The wall condition is isoflux.
The flow is fully-developed hydraulically and thermally
developing.
The fluid is engine oil at temperature T = 340 K.
The side dimension of the square tube is 15 mm.
The mean velocity is 0.5 m/s and the distance from
the tube inlet is 4 m.
Determine the average Nusselt number and the average
heat transfer coefficient.
_____________________________________________
> restart:
>
oilprops:=
(rho = 859.9, cp = 2.076, mu = 5.31e-2, nu = 61.7e-6,
kf = 0.139, alpha = 0.779e-7, Pr = 793);
System parameters.
> syspar:= (s = 15/1000, Um = 0.5, x = 4, Tw = 380, Tinlet = 320);
Shah (1975) correlation equations for laminar internal flow.
Isothermal wall.
> h:= kf*Nu_Dh/Dh;
> Nu_m_UWF1:= 1.953/xstar^(1/3); #For xstar < 0.03
> Nu_m_UWF2:= 4.354 + 0.0722/xstar; #For xstar => 0.03
> Dh:= 4*A/P; #Hydraulic diameter
> A:= s^2; P:= 4*s;
Dimensionless axial distance from tube entrance.
> xstar:= x/(Dh*ReDh*Pr);
> ReDh:= Um*Dh/nu;
Compute the hydraulic diameter, the mass flow rate, the Reynolds number,
the dimensionless distance, the Nusselt number and the heat transfer coefficient.
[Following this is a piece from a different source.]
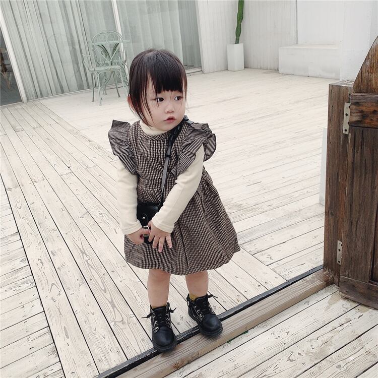 ★送料無料★ 2カラー 女の子 チェック 格子柄 ワンピース フリル 子供 キッズ ベビー ジュニア 秋 冬 春 夏 韓国

> Dh1:= evalf(subs(syspar, Dh), 4);
> mdot1:= evalf(subs(oilprops, syspar, rho*Um*s^2), 5);
>
ReDh1:=
evalf(subs(syspar, oilprops, ReDh), 6); #Laminar flow
> xstar1:= evalf(subs(syspar, oilprops, xstar), 6);
> NuDh1:= evalf(subs(xstar = xstar1, Nu_m_UWF1), 6);
> h1:= evalf(subs(oilprops, Nu_Dh = NuDh1, syspar, h), 5);
>
The mean Nusselt number is much larger than the fully-developed value
which is equal to 3.61 for an isoflux square tube (see Table 8.1).
The thermal boundary layer is developing; therefore it is still quite small
relative to the hydraulic diameter.